Which is a good thing. With Cloud Foundry we moved from using a pre-Docker container engine to using runc as soon as it was available; containerd is the next move.

> Even so, "docker requires too many privileges" is marketing speak.

I don't agree. The API surface still exists and includes too many disparate purposes. The modularisation of Docker is improving that risk profile, but it still exists. Fully segregating the API and the modules is worthy.
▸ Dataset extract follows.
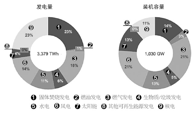 圖2 2020年歐盟發(fā)電量和發(fā)電裝機容量(預(yù)估)

Modularization improves maintenance overhead, it does not reduce privilege.
I understand that. My point is that it reduces the blast radius of any one part being compromised.
Agreed. One other point is containerd isn't a Kubermetes specific runtime. Why cri-o chose to lock in like that doesn't seem to make long term sense except with regard to ease of development.
The long-term goal is to switch users to use podman (and buildah I guess), with cri-o being a daemon that uses the same underlying code. The only reason a daemon is required in the first place is because the CRI uses gRPC.

This is loosely similar to how rkt operated, with rktnetes just being a front-end for rkt (though at the time, the CRI didn't exist so it was all hardcoded in Kubernetes).

The goal isn't to have a differently-named daemon required in order to do any operation, and podman enables that (though again, so did rkt).

Thanks for your insight! I guess I don't understand why having multiple runtimes helps. If CRI is just an agnostic interface to the tooling what is the advantage of cri-o over containerd? Why make the ecosystem harder when it's all a standard runtime interface anyway? Couldn't Docker tooling, podman and buildah all talk directly to any runtime?
You don't have to use Docker in prod. Keep in mind the most popular runtime is also contributed by Docker: containerd.
It has to do also with the use of user namespaces (LXC also does this). User namespaces (user/group id mapping) + userspace file systems (FUSE) is what enables building & running containers without root.

Unfortunately the documentation is not really there yet[0], but that's the gist of how it's more secure outside of the general reduction-of-responsibility ways that others have mentioned.

[0]: https://github.com/containers/buildah/issues/1469#issuecomme...